TASK STATEMENT
Output each record below exactly, leaving any picture out of the copy.

PROVIDED DATA
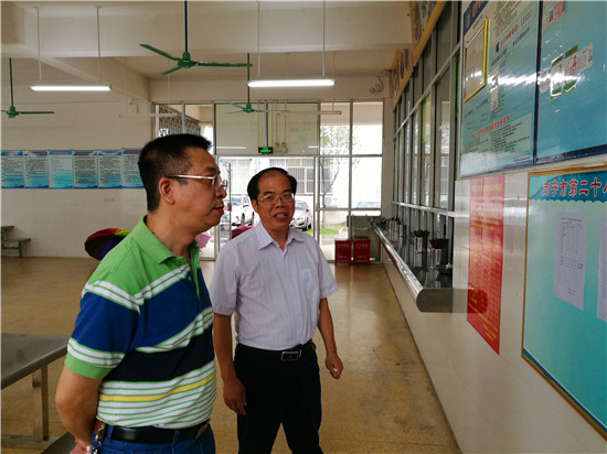 杨捷副局长在黄智伦校长、王冬妹书记的陪同下,查看校容校貌,了解学生饭堂运行情况,随后主持召开校级领导、教师代表座谈会。
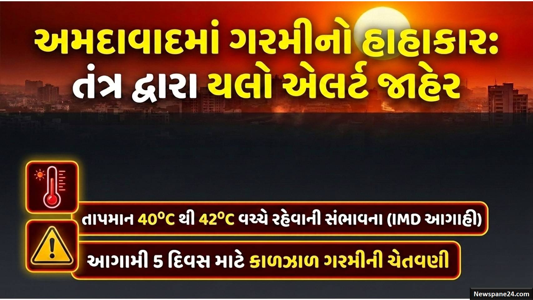 અમદાવાદ: શહેરમાં ઉનાળાએ હવે તેનું રૌદ્ર સ્વરૂપ બતાવવાનું શરૂ કર્યું છે. જાણે આખું અમદાવાદ ભઠ્ઠીમાં શેકાઈ રહ્યું હોય તેવો અહેસાસ થઈ રહ્યો છે. હવામાન વિભાગ (IMD) દ્વારા આજથી શહેરમાં સત્તાવાર રીતે ‘યલો એલર્ટ’ જાહેર કરવામાં આવ્યું છે. આગામી પાંચ દિવસ સુધી તાપમાનનો પારો 40 થી 42 ડિગ્રી સુધી જવાની પૂરેપૂરી શક્યતા છે.
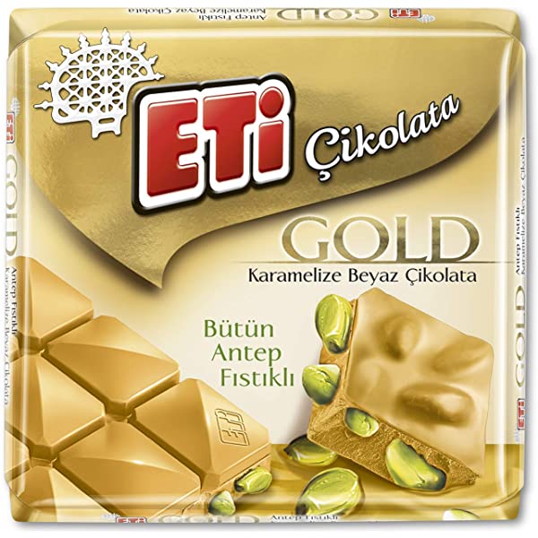 Contents Caramelized White Chocolate 86% [Sugar, Cocoa Butter, Whole Milk Powder, Caramelized Sugar (Sugar, Maltodextrin), Butter (Dairy Product), Emulsifiers (Sunflower Lecithin, Polyglycerol Polyricinolate), Flavoring (Vanillin). Milk Dry Matter is At least 27%.], Pistachio 14%.
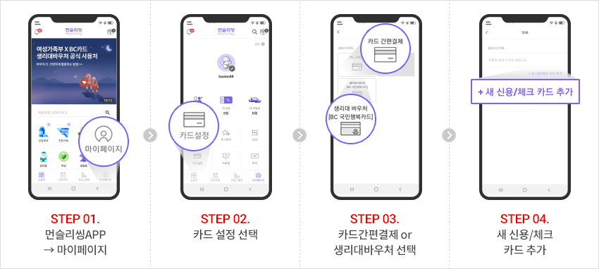- STEP 03. 카드간편결제 or 생리대바우처 선택
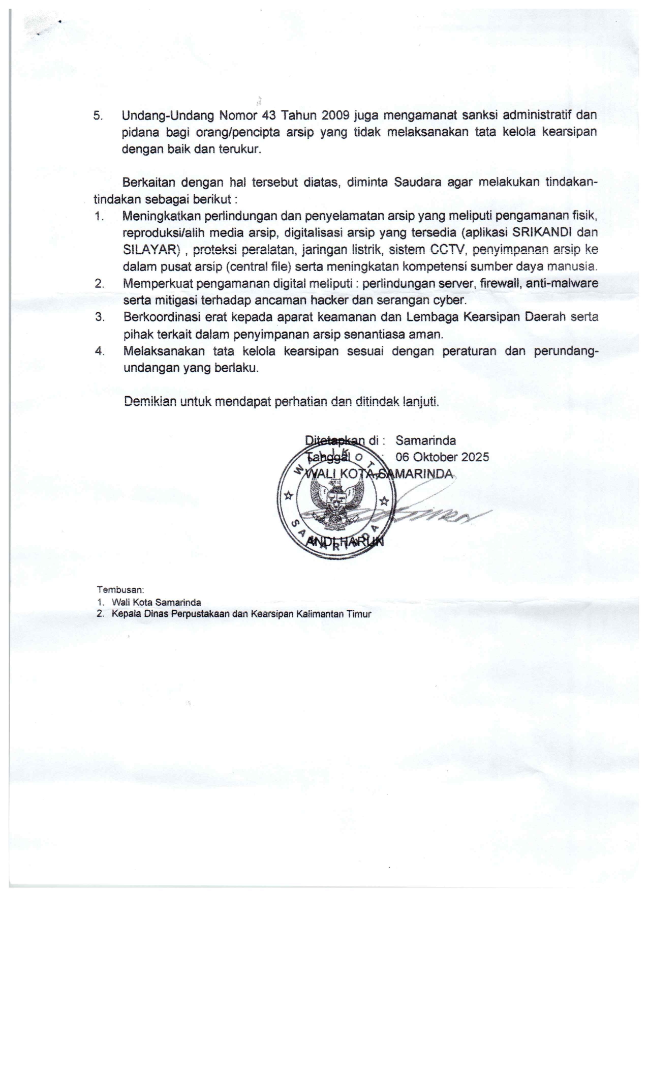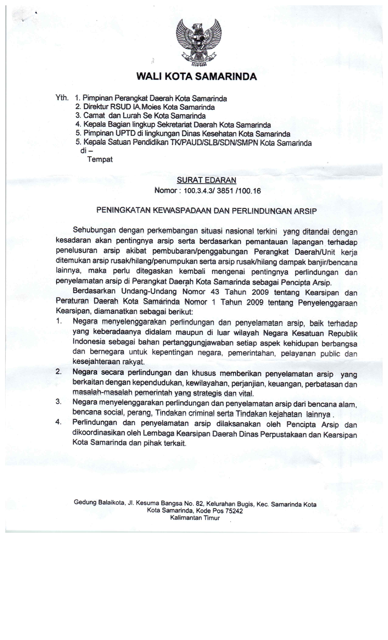 Surat Edaran Peningkatan Kewaspadaan dan Perlindungan Arsip
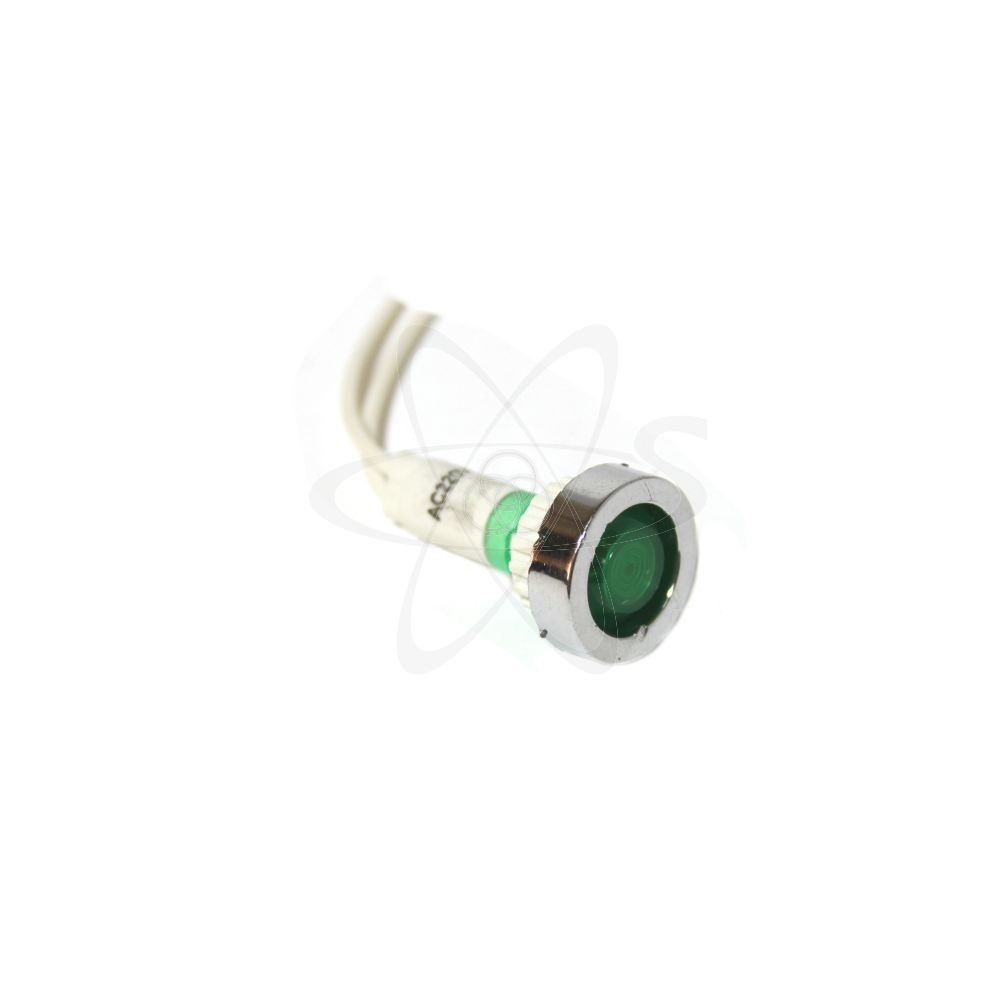 Лампа NH диам. 9мм c металлич. ободком и проводком зеленая 230В

PROBLEM SOLUTION
 杨捷副局长在黄智伦校长、王冬妹书记的陪同下,查看校容校貌,了解学生饭堂运行情况,随后主持召开校级领导、教师代表座谈会。
 અમદાવાદ: શહેરમાં ઉનાળાએ હવે તેનું રૌદ્ર સ્વરૂપ બતાવવાનું શરૂ કર્યું છે. જાણે આખું અમદાવાદ ભઠ્ઠીમાં શેકાઈ રહ્યું હોય તેવો અહેસાસ થઈ રહ્યો છે. હવામાન વિભાગ (IMD) દ્વારા આજથી શહેરમાં સત્તાવાર રીતે ‘યલો એલર્ટ’ જાહેર કરવામાં આવ્યું છે. આગામી પાંચ દિવસ સુધી તાપમાનનો પારો 40 થી 42 ડિગ્રી સુધી જવાની પૂરેપૂરી શક્યતા છે.
 Contents Caramelized White Chocolate 86% [Sugar, Cocoa Butter, Whole Milk Powder, Caramelized Sugar (Sugar, Maltodextrin), Butter (Dairy Product), Emulsifiers (Sunflower Lecithin, Polyglycerol Polyricinolate), Flavoring (Vanillin). Milk Dry Matter is At least 27%.], Pistachio 14%.
- STEP 03. 카드간편결제 or 생리대바우처 선택
 Surat Edaran Peningkatan Kewaspadaan dan Perlindungan Arsip
 Лампа NH диам. 9мм c металлич. ободком и проводком зеленая 230В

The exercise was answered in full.